=== Section Start ===
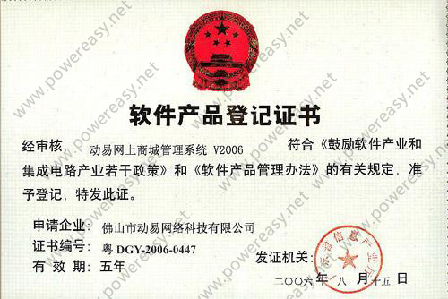 軟件產(chǎn)品登記證書 動易網(wǎng)上商城管理系統(tǒng)V2006
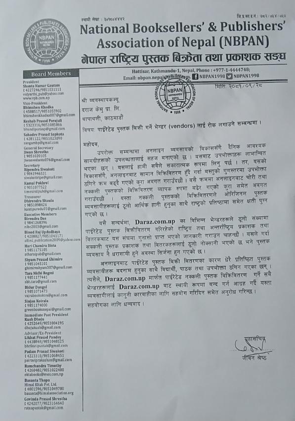 पाइरेटेड पुस्तक बिक्री गर्ने विक्रेतालाई रोक लगाउन आग्रह गर्दै एनबीपीएएनले दराज डटकमलाई लेखेको पत्र।
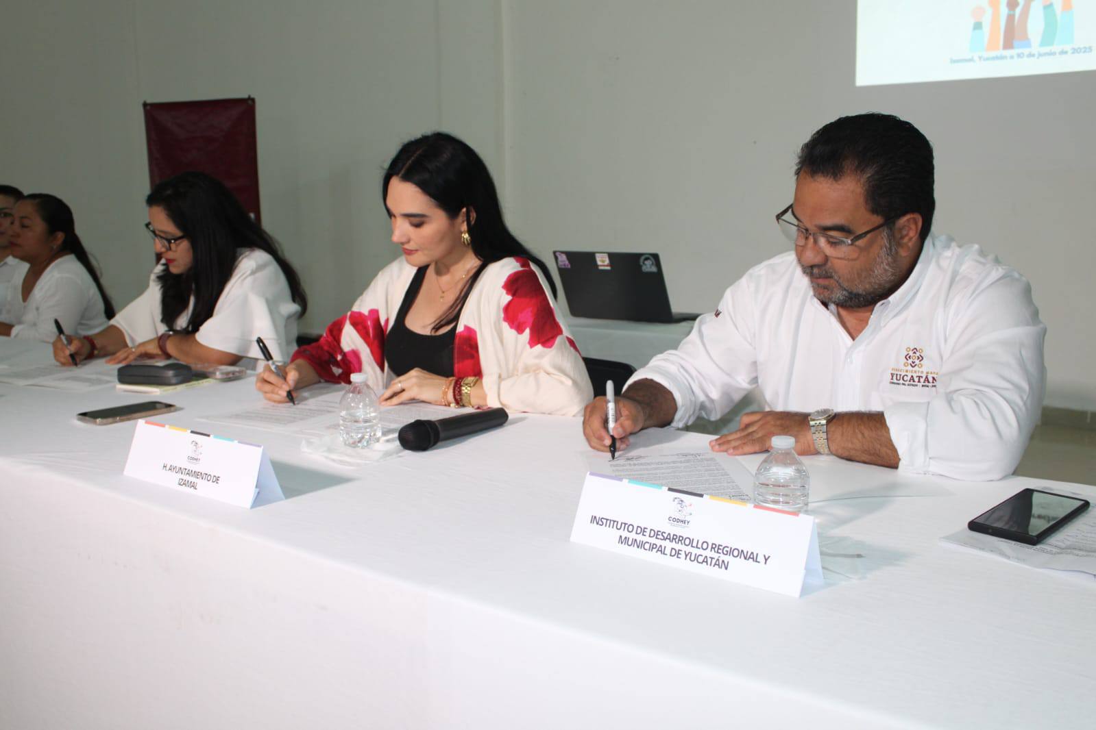 Durante el evento, firmaron los alcaldes —o sus representantes— de los municipios de Bokobá, Conkal, Dzemul, Dzidzantún, Dzilam González, Hoctún, Huhí, Kantunil, Motul, Sanahcat, Dzudzal, Tamek, Tekantó, Temax, Tepakán, Teya, Tixkokob, Tunkás, Xocchel y Ucú.
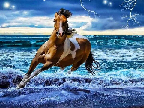 CONTEMPLEZ L'ÉLÉGANCE ET LA FORCE DE CE CHEVAL SUR UN DÉCOR DE MER DÉCHAÎNÉE. LA BRODERIE DIAMANT CHEVAL PUISSANT NOUS RAPPELLE À QUEL POINT LA NATURE EST PUISSANTE, MAIS SURTOUT ELLE NOUS OFFRE UN DÉCOR À COUPER LE SOUFFLE ! COLLEZ VOS PERLES ÉTINCELANTES DESSUS ET SOYEZ DÉTENDU.
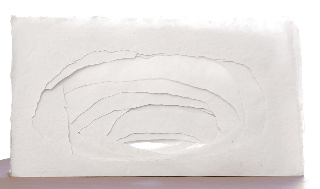 A l’aide d’un cutter, créer sur la première feuille (celle qui sera à l’avant-plan) une sorte de grand ovale (de la forme d’une pomme de terre) en évitant un tracé trop lisse. Au contraire, la main doit un peu trembler et ne pas chercher à faire bien. Procéder de même sur la deuxième feuille mais en créant un ovale un peu plus petit. A mesure que cet ovale va rétrécir, il présentera une forme de plus en plus allongée, en particulier sur les trois dernière feuilles. Sur la dernière feuille (celle de l’arrière-plan) l’ouverture sera petite, fine et oblongue
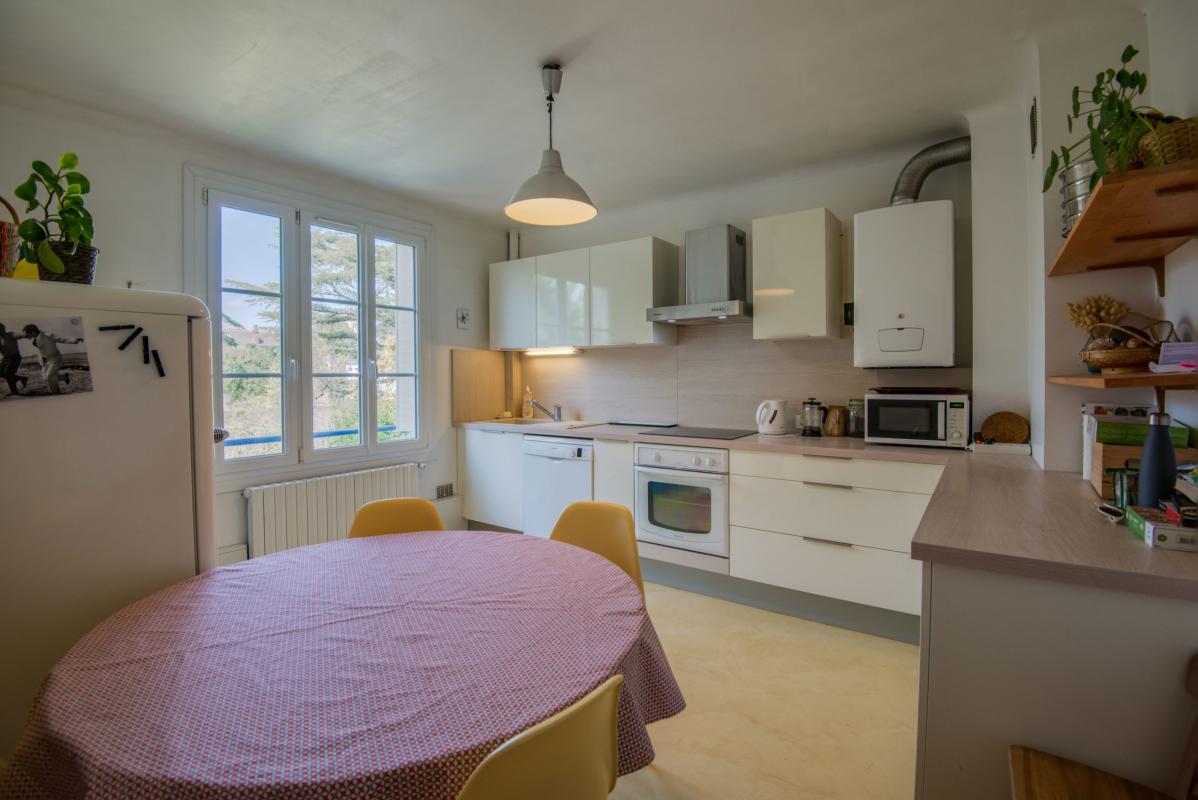 - entrée avec placard - salon-séjour sur parquet donnant à une terrasse exposée sud-est - cuisine indépendante aménagée et équipée (four-plaques-hotte) - deux chambres - salle de bains - wc.
=== Section End ===
> [INSTRUCTIONS TO FOLLOW]:
For the material above, repeat each line exactly and leave out the pictures.

> [ANSWER SECTION]:
 軟件產(chǎn)品登記證書 動易網(wǎng)上商城管理系統(tǒng)V2006
 पाइरेटेड पुस्तक बिक्री गर्ने विक्रेतालाई रोक लगाउन आग्रह गर्दै एनबीपीएएनले दराज डटकमलाई लेखेको पत्र।
 Durante el evento, firmaron los alcaldes —o sus representantes— de los municipios de Bokobá, Conkal, Dzemul, Dzidzantún, Dzilam González, Hoctún, Huhí, Kantunil, Motul, Sanahcat, Dzudzal, Tamek, Tekantó, Temax, Tepakán, Teya, Tixkokob, Tunkás, Xocchel y Ucú.
 CONTEMPLEZ L'ÉLÉGANCE ET LA FORCE DE CE CHEVAL SUR UN DÉCOR DE MER DÉCHAÎNÉE. LA BRODERIE DIAMANT CHEVAL PUISSANT NOUS RAPPELLE À QUEL POINT LA NATURE EST PUISSANTE, MAIS SURTOUT ELLE NOUS OFFRE UN DÉCOR À COUPER LE SOUFFLE ! COLLEZ VOS PERLES ÉTINCELANTES DESSUS ET SOYEZ DÉTENDU.
 A l’aide d’un cutter, créer sur la première feuille (celle qui sera à l’avant-plan) une sorte de grand ovale (de la forme d’une pomme de terre) en évitant un tracé trop lisse. Au contraire, la main doit un peu trembler et ne pas chercher à faire bien. Procéder de même sur la deuxième feuille mais en créant un ovale un peu plus petit. A mesure que cet ovale va rétrécir, il présentera une forme de plus en plus allongée, en particulier sur les trois dernière feuilles. Sur la dernière feuille (celle de l’arrière-plan) l’ouverture sera petite, fine et oblongue
 - entrée avec placard - salon-séjour sur parquet donnant à une terrasse exposée sud-est - cuisine indépendante aménagée et équipée (four-plaques-hotte) - deux chambres - salle de bains - wc.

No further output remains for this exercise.